I have been teaching since 1997 using the material of my work which was then published in two books:

- Geometric Computing for Perception Action Systems. Eduardo Bayro-Corrochano, Springer-Verlag, April 2001.
- Geometric Computing: for Wavelet Transforms, Robot Vision, Learning, Control, and Action. Eduardo Bayro-Corrochano, Springer-Verlag, 2010.

I am preparing a more comprehensive series in three volumes:

- Vol. I: GA for computer vision and machine learning,
- Vol. II: GA for Robotics,
- Vol. III: GA for Signal Processing, Filtering, Transforms and Quantum Computing.

These three volumes are based on my first two books, of course, while including new exciting results. My books generally differ from many the current books on GA applications because my books cover computer vision, graphics engineering, neural networks, machine learning, robotics, integral transforms, and ultimately the endeavor of building intelligent machines with GA; they present real applications. The other books are more related to the foundations of GA and its restricted use to the develop algorithms in computer science and its sub-fields like computer graphics. That is why my continuous work during all these years is helping to be able to prepare these new three volumes, which I believe will certainly establish the true geometric computing for the future development of intelligent machines.

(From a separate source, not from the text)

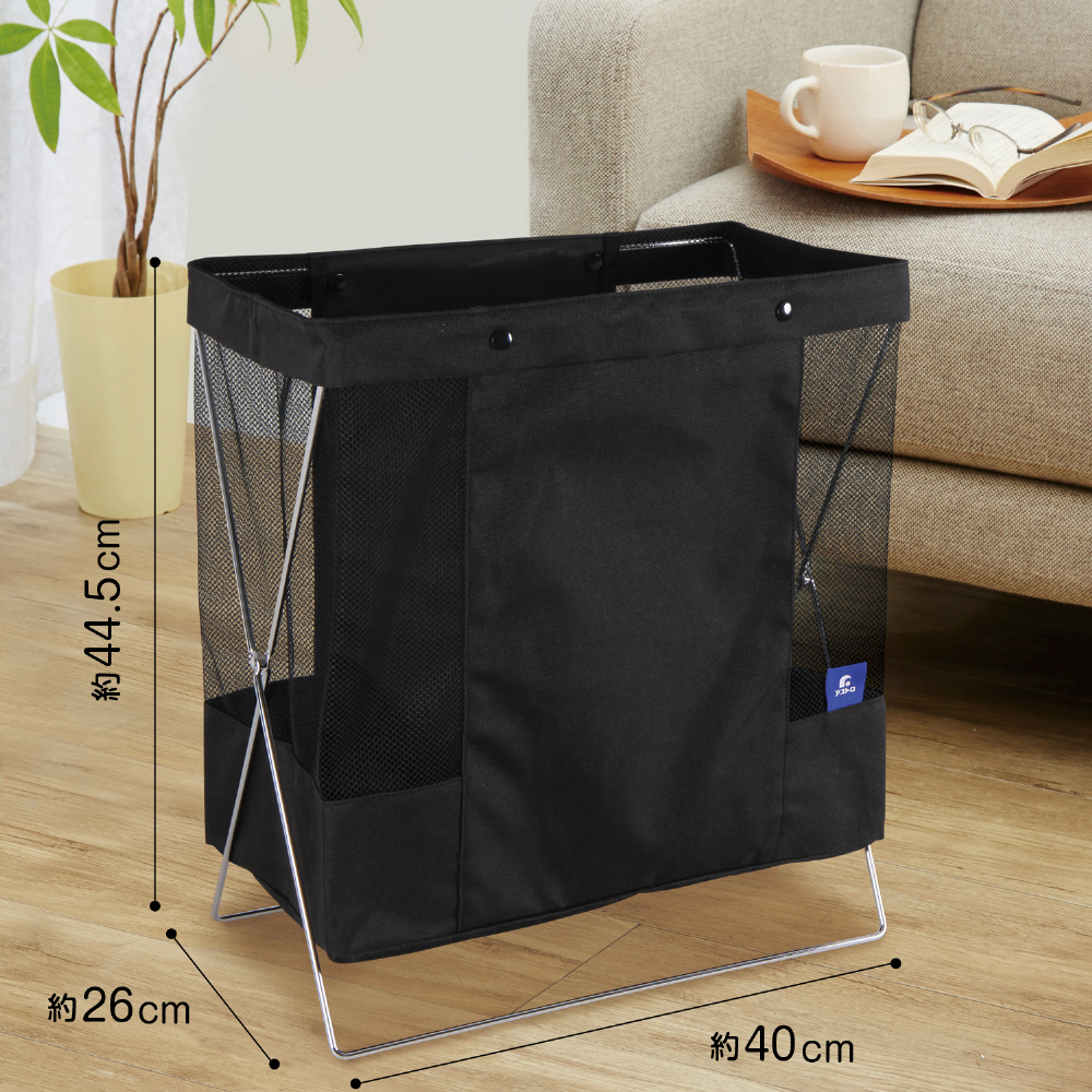 【商品仕様】:サイズ/:約幅40×奥行26×高さ44.5cm(ワイヤー含む)、カラー/ブラック、内容/1個、材質/ポリエステル・鉄・ポリプロピレン、耐荷重/約6kg

**Tell us about your practical experience teaching applied Geometric Algebra. How do you overcome the challenges you face while using GA in teaching?**

I call for studying and applying GA for future cybernetics in my lectures at different universities in Europe, North America (MIT) and Latin America. I have students with different backgrounds as in physics, mathematics, or engineering; some well prepared for some topics and less for others, so I start as in a fractal approach for conveying knowledge:

- We study 2D- and 3D-GA to become acquainted with the formulation of the geometric primitives and the use of different Clifford operations.
- Then we model the kinematics of points, lines and planes particularly to understand well screw theory and differential kinematics.
- Then I explain the basic of differential geometry like the Geometric Laplace-Beltrami Operator for applications in Euclidean and pseudo-Euclidean spaces.
- We study in depth Lie Groups and Lie algebras using spinors and versors for Euclidean, Affine, and 2D and 3D projective geometry.
- Then I explain projective geometry using Euclidean and Minkowski metrics for the projective plane and spaces and extensions of the projective space in R(3,3).

In this manner, the students have learned the most important ingredients to move the Conformal Geometric Algebra and high dimensional geometric algebras like G(6,3) and G(8,2). Thanks to our optimized routines for GA in C++ (with NVidia) and Maple (using the Clifford 14.0 package of R. Ablamowicz), we can prove theorems and develop real-time algorithms for intelligent machines.